Obtaining accurate SVBRDFs from 2D photographs of shiny, heterogeneous 3D objects is a highly sought-after goal for domains like cultural heritage archiving, where it is critical to document color appearance in high fidelity. In prior work such as the promising framework by Nam et al., the problem is simplified by assuming that specular highlights exhibit symmetry and isotropy about an estimated surface normal. The present work builds on this foundation with several significant modifications. Recognizing the importance of the surface normal as an axis of symmetry, we compare nonlinear optimization for normals with a linear approximation proposed by Nam et al. and find that nonlinear optimization is superior to the linear approximation, while noting that the surface normal estimates generally have a very significant impact on the reconstructed color appearance of the object.

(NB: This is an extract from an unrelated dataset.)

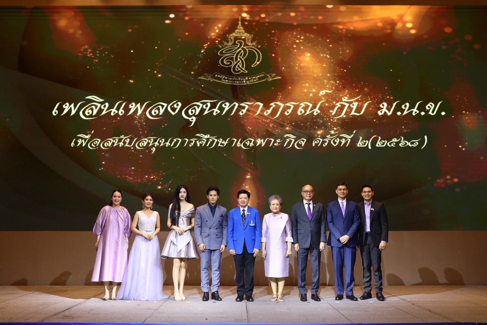 อ.สุรวัฒน์ ชมภูพงษ์ ประธานกรรมการบริหาร ม.น.ข. ในฐานะประธานจัดงาน กล่าวว่า ม.น.ข. ได้ดำเนินการจัดหาทุนและมอบทุนการศึกษาตามวัตถุประสงค์ของผู้บริจาคแบบ 100% ให้แก่นักเรียน นิสิต นักศึกษา ที่ขาดแคลนทุนทรัพย์มาอย่างต่อเนื่อง และเป็นการให้ที่ไม่สิ้นสุด ตลอด 60 ปีที่ผ่านมา มีนักเรียนได้รับทุนการศึกษาไม่ต่ำกว่า 25,000 คน ช่วยสร้างโอกาสให้เยาวชน อย่างไรก็ตาม ม.น.ข. เล็งเห็นว่า ยังมีเด็กและเยาวชนจำนวนหนึ่งมีคุณสมบัติไม่ตรงตามหลักเกณฑ์ที่ ม.น.ข. ได้กำหนดไว้แต่เดิม เขาเหล่านั้นควรมีโอกาสทางการศึกษาที่เท่าเทียมในการพัฒนาศักยภาพและเติบโตเป็นผู้ใหญ่ที่มีคุณภาพ เพื่อนำพาประเทศไปสู่ความเจริญก้าวหน้าทางเศรษฐกิจในระยะยาว จึงจัดงานกาล่าดินเนอร์การกุศลสุดพิเศษ ภายใต้ชื่องาน “เพลินเพลงสุนทราภรณ์ กับ ม.น.ข. เพื่อสนับสนุนการศึกษาเฉพาะกิจ” ครั้งที่ 2 ในวันที่ 7 มิ.ย. 2568 เวลา 17.30-21.30 น. ณ โรงแรมพูลแมน คิง เพาเวอร์ รายได้หลังหักค่าใช้จ่ายจะนำไปจัดสรรเป็นทุนการศึกษาให้แก่เด็กและเยาวชนที่ขาดแคลนทุนทรัพย์ แต่มีคุณสมบัติไม่ตรงตามหลักเกณฑ์เดิมให้ได้มีโอกาสทางการศึกษาตามวัตถุประสงค์ในโครงการ ม.น.ข.เฉลิมพระเกียรติ 6 รอบ (72 พรรษา) ต่อไป

We also examine the use of a monotonicity constraint for reflectance and develop a generalization that also enforces continuity and smoothness when optimizing continuous monotonic functions like a microfacet distribution. Finally, we explore the impact of simplifying from an arbitrary 1D basis function to a traditional parametric microfacet distribution (GGX), and we find this to be a reasonable approximation that trades some fidelity for practicality in certain applications. Both representations can be used in existing rendering architectures like game engines or online 3D viewers, while retaining accurate color appearance for fidelity-critical applications like cultural heritage or online sales.